The piece below, titled “Running out of time,” was written by Marie Colvin ’78 for the special issue of the News handed out at Commencement 1978. Colvin, a seasoned war correspondent, was killed by a mortar strike on Wednesday while covering the escalating violence in the city of Homs.

The most memorable event of my Yale career occurred in the dining hall. At Silliman lunch last week, I was eating and commiserating with a group of fellow seniors, slaphappy at the thought of all the work to be done in the last week of term. Everyone had a how-to story, the kind that only circulates at finals time, like the one about the student who handed in a bluebook with “IV” written on the cover, inscribed with one sentence on the first page: “and that’s the way it was in seventeenth century England,” and received a final grade of “B” from some T.A.; talk about surefire dean’s excuses and where to catch a quick 24-hour bug, always good for a night at DUH.

At a pause in the conversation, during which I flashed on the twelve pages per day I’d have to write for the next week, a friend next to me sighed and said profoundly, “There’s just not enough time.” It came out of the blue, but it was the most relevant non-sequitur ever uttered.

It sums up my Yale career. I’ve spent the last weeks of every semester holed up in the Sillibrary, coffeepot by my side, moving from one stack of books and clutter of papers to the next like a guest at the Mad Hatter’s Tea Party. The last week of my senior year I was there again, drinking coffee by the pot, sleeping two hours nightly, marshaling enough credits to graduate.

That’s why I wasn’t a varsity athlete, or an editor of the Oldest College Daily, why every room I’ve ever lived in has been almost furnished. It’s why my papers come back marked “good potential, inadequately realized.” And it’s why I can’t tell you what it feels like to be finished with Yale, whether it’s euphoric or just anti-climatic, because I’m not, and by the time I am everyone will have left and I won’t even be able to ask anyone.

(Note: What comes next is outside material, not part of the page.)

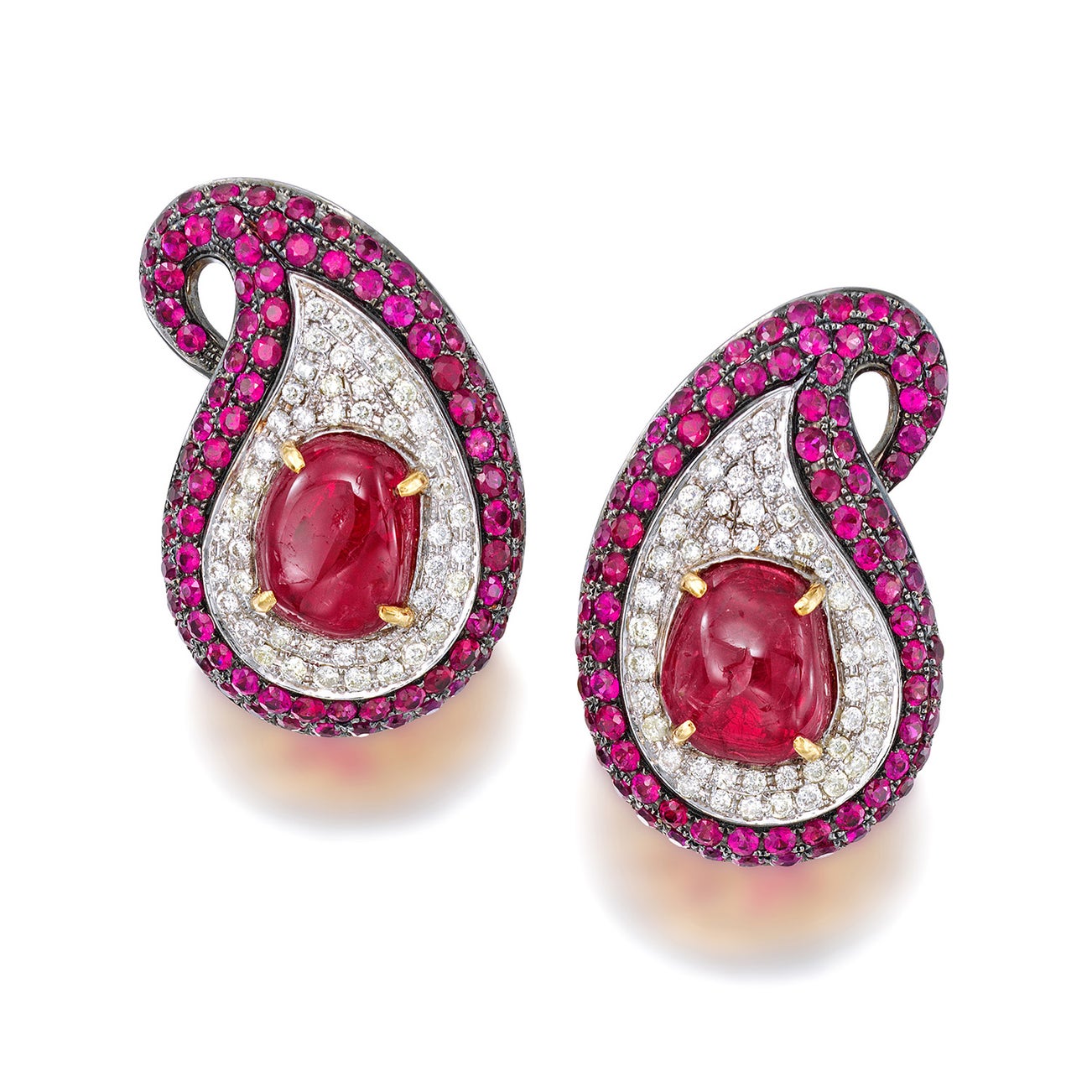 A Pair of Ruby, Diamond, and Bi-Colored Gold Earclips

It takes everybody but the football team four years to realize that there is no way to do the work expected of you, that teachers and deans don’t really expect you to do it all and that the real test of intelligence is to do the minimum amount of work for the maximum reward. The football team somehow learns freshman year what it takes everyone else three years (it took me four). The most important things to look for when choosing a course are not relevancy to future career, interesting subject, or something you should know. Number of papers and pages per paper, number of exams, and Course Critique grade point spread are all you need to look for. And if the football team shows up for the first lecture, you’ve chosen correctly.

The finer points of course selection involve arranging enough of a workload so that when you do go out to Rudy’s, Mory’s, or the Elizabethan Club for tea you can feel a twinge of guilt. And so that you can participate in end-of-semester-conversations.

The worst thing about graduating is that I can’t remember what I did all semester. I thought I was working, but that seems impossible. I’ve started promoting the theory that Yale is centered in a time warp. Time doesn’t just seem to pass twice as fast, it does. We have only one week to the universal two.

I haven’t accepted the fact that I am not going to do everything I kept putting off. I am not graduating Phi Beta Kappa, I don’t have 48 credits and 47 A’s, I will never read the bookcase of course books diligently bought in the Co-op, lined up neatly with their binders unwrinkled. I will not paint the fourth wall in my bedroom. I will probably never even find out the name of that curly-haired boy in my English seminar I’ve been flirting with all year.

It’s hard to say even what I’ve learned here. I don’t think I’ve finished adjusting yet. I have nothing striking to say about anything and it seems like I should. I’ve changed from a regular science major to a science major who only takes English courses (there was no time to change majors), learned about weenies, jocks, and turned-up collars, learned how to run, not fast but far enough to enjoy the sweat, learned how to do footnotes. Unlearned a lot too — like weenies and jocks don’t exist and that turned-up collar means zilch. And I’ve learned how ridiculous it is to try to convince people that you are serious about something, that you have a direction. Best of all, I missed all the deadlines — LSAT, GRE, scholarships, grants, and fellowships — not enough time— so I guess I’ll wake up Tuesday morning and start thinking about it. Or else just buy a plane ticket.

The one realization I have come to after four years is that I can still make all the mistakes I want and it doesn’t matter. I remind myself of this often, whenever I feel the “let’s get serious mood” coming on, or I lunch with law-business-medical school prospectives, or read an article about shopping bag ladies in the New York subway system. Not that there’s anything at all wrong with going to law-business-medical school, but enough people stick up for it, and that’s not the point anyway.

The point is that it doesn’t matter if you mess up, choose the wrong road, flop in Vegas. What’s important is to throw yourself in head first, to “go for the gusto.” And if you blow it, you blow it. What we have to worry about now is success. Once you’re successful, it becomes embarrassing to make mistakes, and more difficult to grab onto the nearest straw and hold on. You can always be a star, so what’s the rush?